● **Activity**
Line by line, copy the records below exactly and leave the pictures out.

● **Records shown**
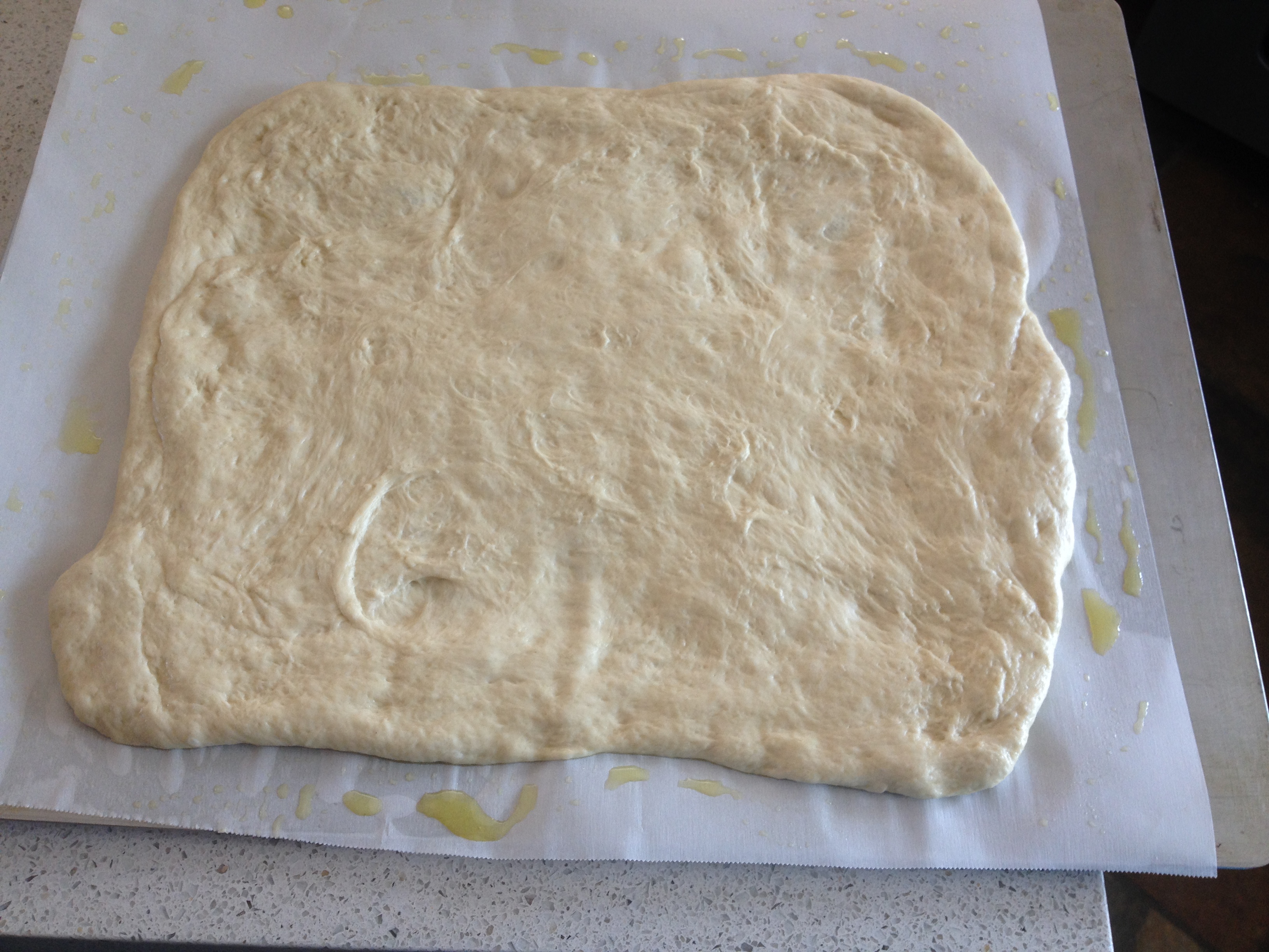 5. Place one sheet of parchment paper on a pizza peel or the back of a cookie sheet. Add a little olive oil to the parchment and place dough. Using hands, gently stretch dough into a rectangle, about 15 inches by 12 inches.
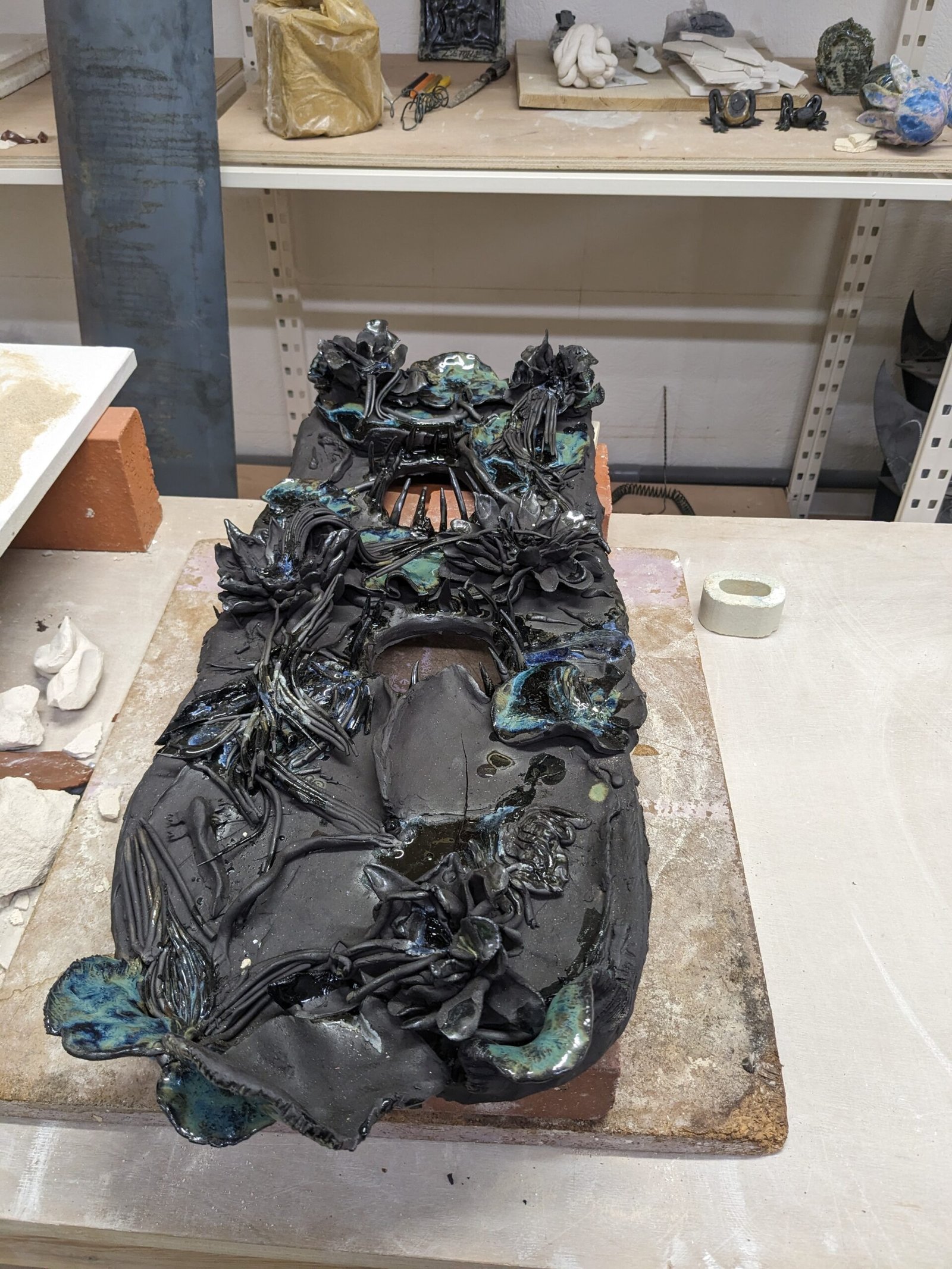 grès émaillé, éclat de verre, 65x30cm Typhanie Vallée x Camille Correas 2024
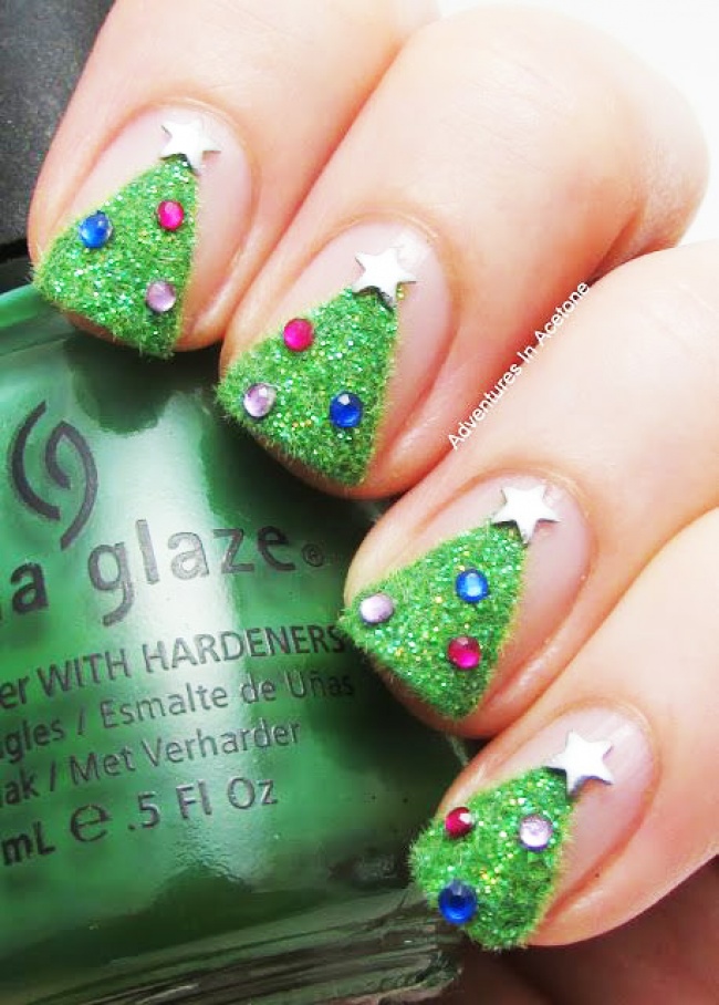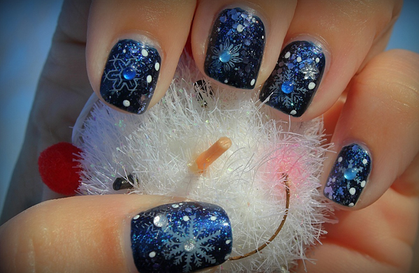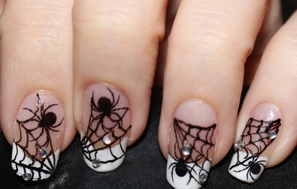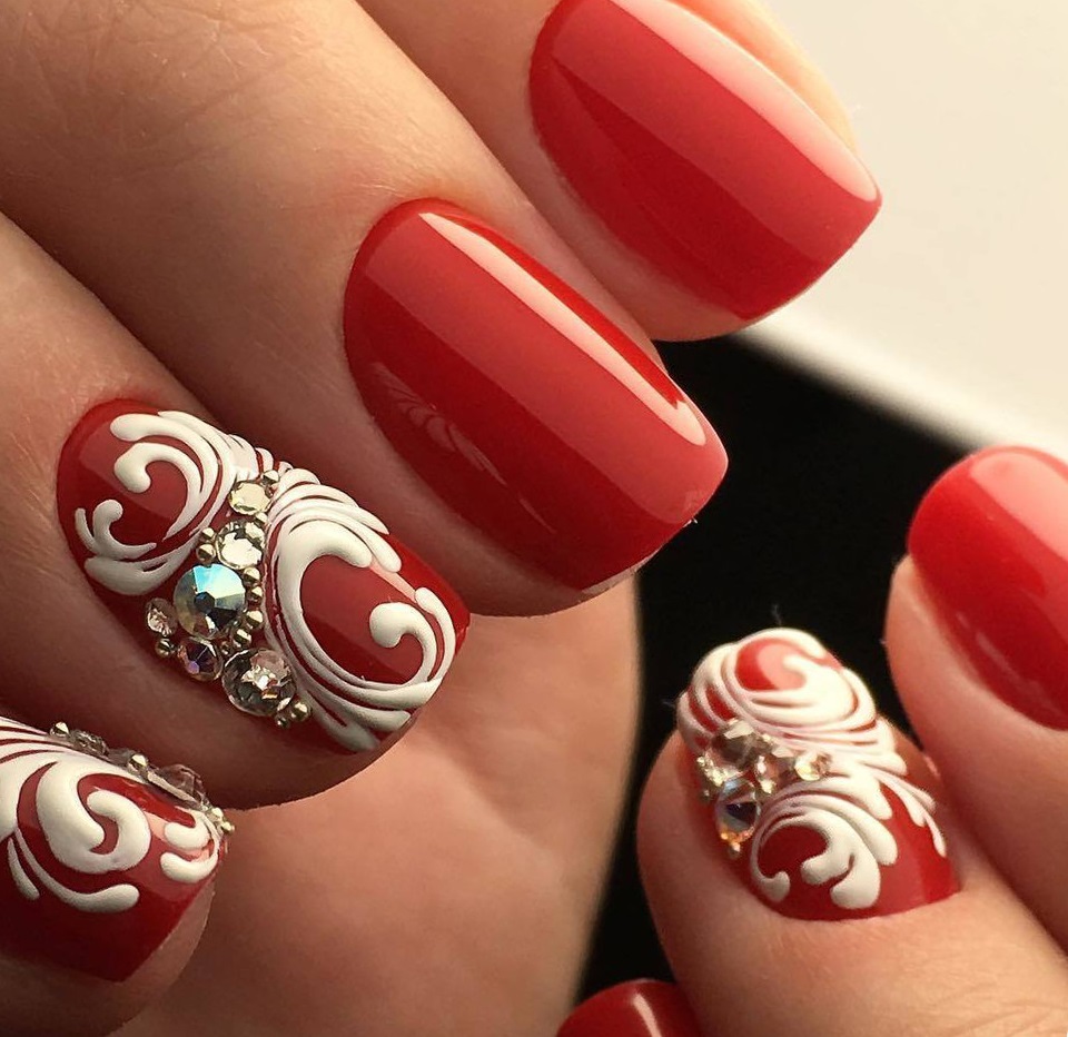 If a spider's web is chosen as a picture, then the rhinestones can be used to depict dew drops on it. It will look more harmonious if you choose transparent elements for decoration. Also, rhinestones can create a flickering effect by drawing fir branches, frost patterns. Similar decor looks beautiful when they are decorated with the center of snowflakes or imitate the leaves of plants when the print is very small. You can use colored rhinestones, depicting with their help flower buds.
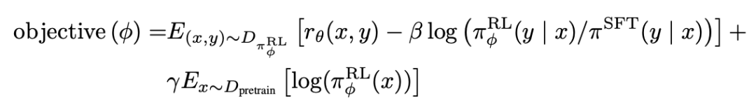 整体的损失函数表示如下,其中第一项是PPO损失,文中将PPO的KL散度约束改成了per-token的,即预训练模型和偏好对齐后的模型每个token的分布不能差异太大。同时也引入了前序非强化学习的预训练loss进行混合训练。
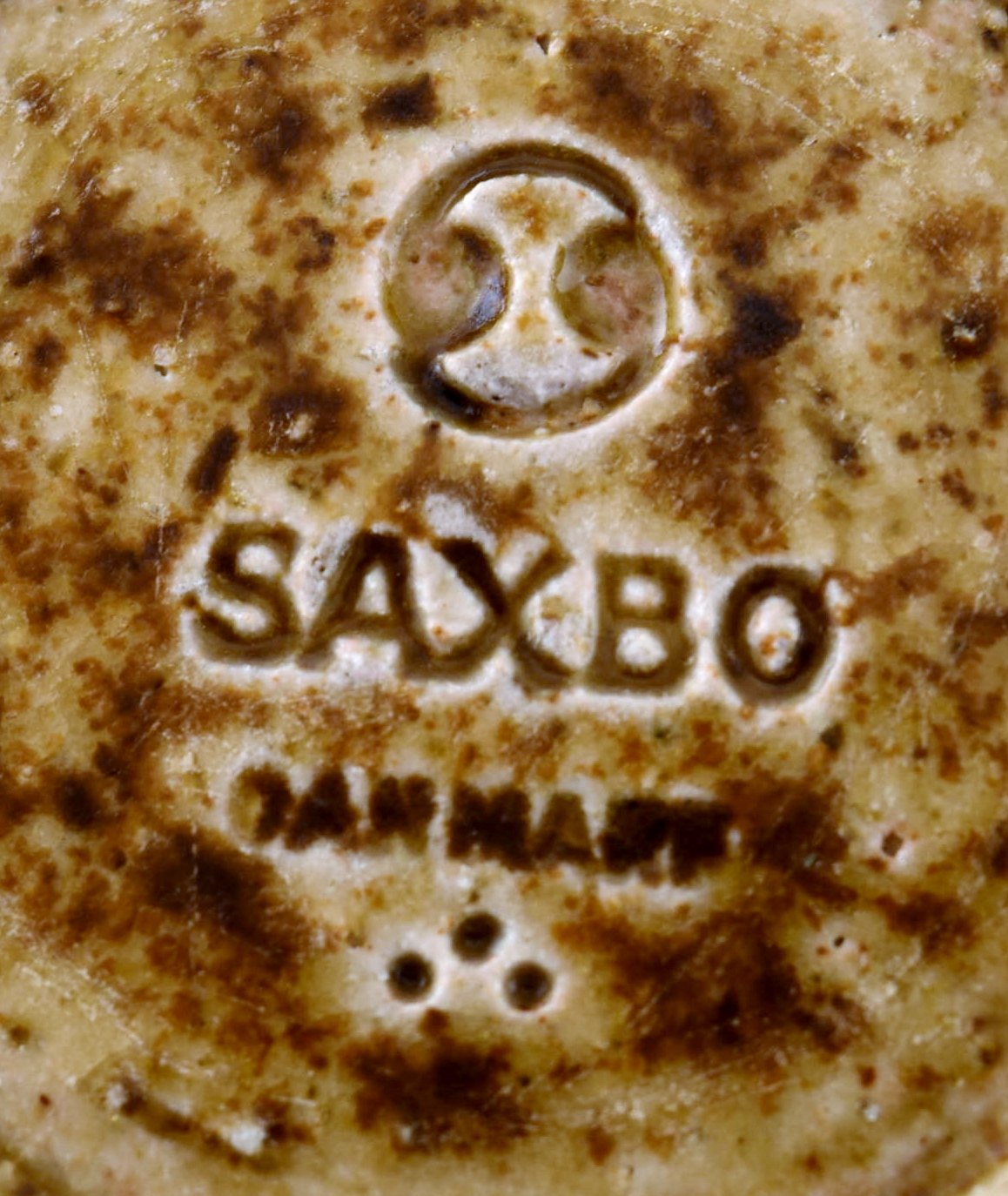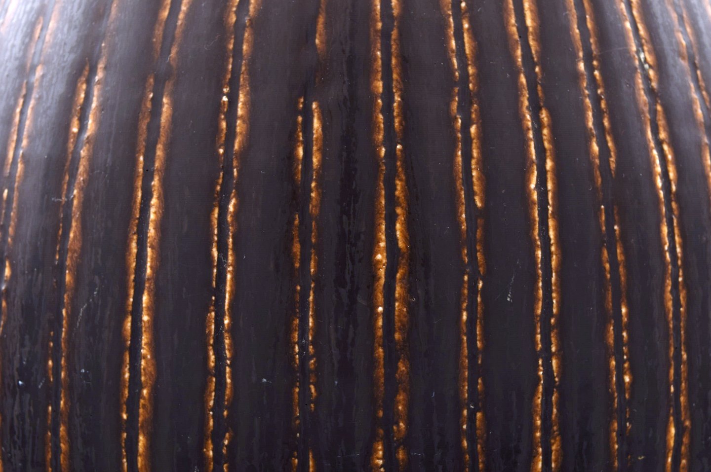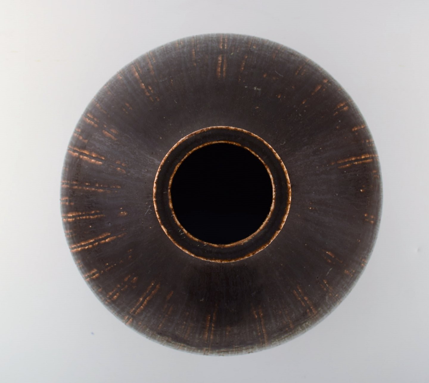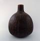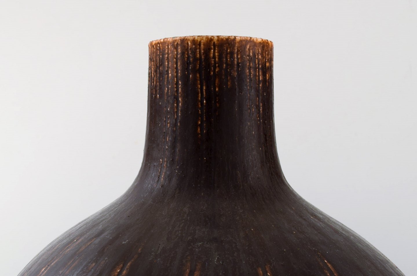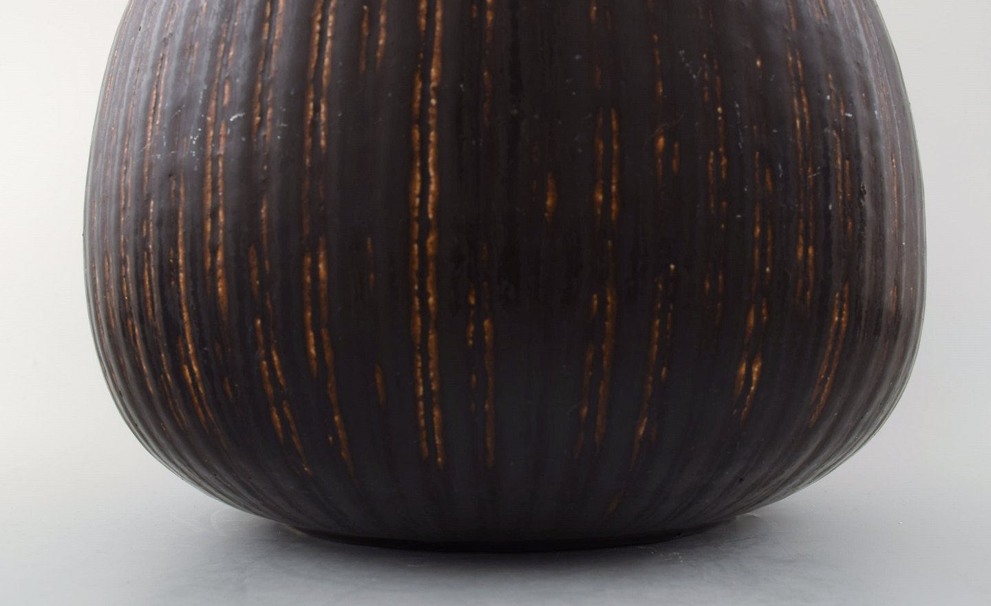 Saxbo: Meget stor og sjælden dråbeformet gulvvase med vertikale indridsninger, dekoreret med mørkebrun glasur. Udført og stemplet hos Saxbo, Danmark. Måler : 41 cm. x 29 cm. I perfekt stand.

● **Exercise result**
 5. Place one sheet of parchment paper on a pizza peel or the back of a cookie sheet. Add a little olive oil to the parchment and place dough. Using hands, gently stretch dough into a rectangle, about 15 inches by 12 inches.
 grès émaillé, éclat de verre, 65x30cm Typhanie Vallée x Camille Correas 2024
 If a spider's web is chosen as a picture, then the rhinestones can be used to depict dew drops on it. It will look more harmonious if you choose transparent elements for decoration. Also, rhinestones can create a flickering effect by drawing fir branches, frost patterns. Similar decor looks beautiful when they are decorated with the center of snowflakes or imitate the leaves of plants when the print is very small. You can use colored rhinestones, depicting with their help flower buds.
 整体的损失函数表示如下,其中第一项是PPO损失,文中将PPO的KL散度约束改成了per-token的,即预训练模型和偏好对齐后的模型每个token的分布不能差异太大。同时也引入了前序非强化学习的预训练loss进行混合训练。
 Saxbo: Meget stor og sjælden dråbeformet gulvvase med vertikale indridsninger, dekoreret med mørkebrun glasur. Udført og stemplet hos Saxbo, Danmark. Måler : 41 cm. x 29 cm. I perfekt stand.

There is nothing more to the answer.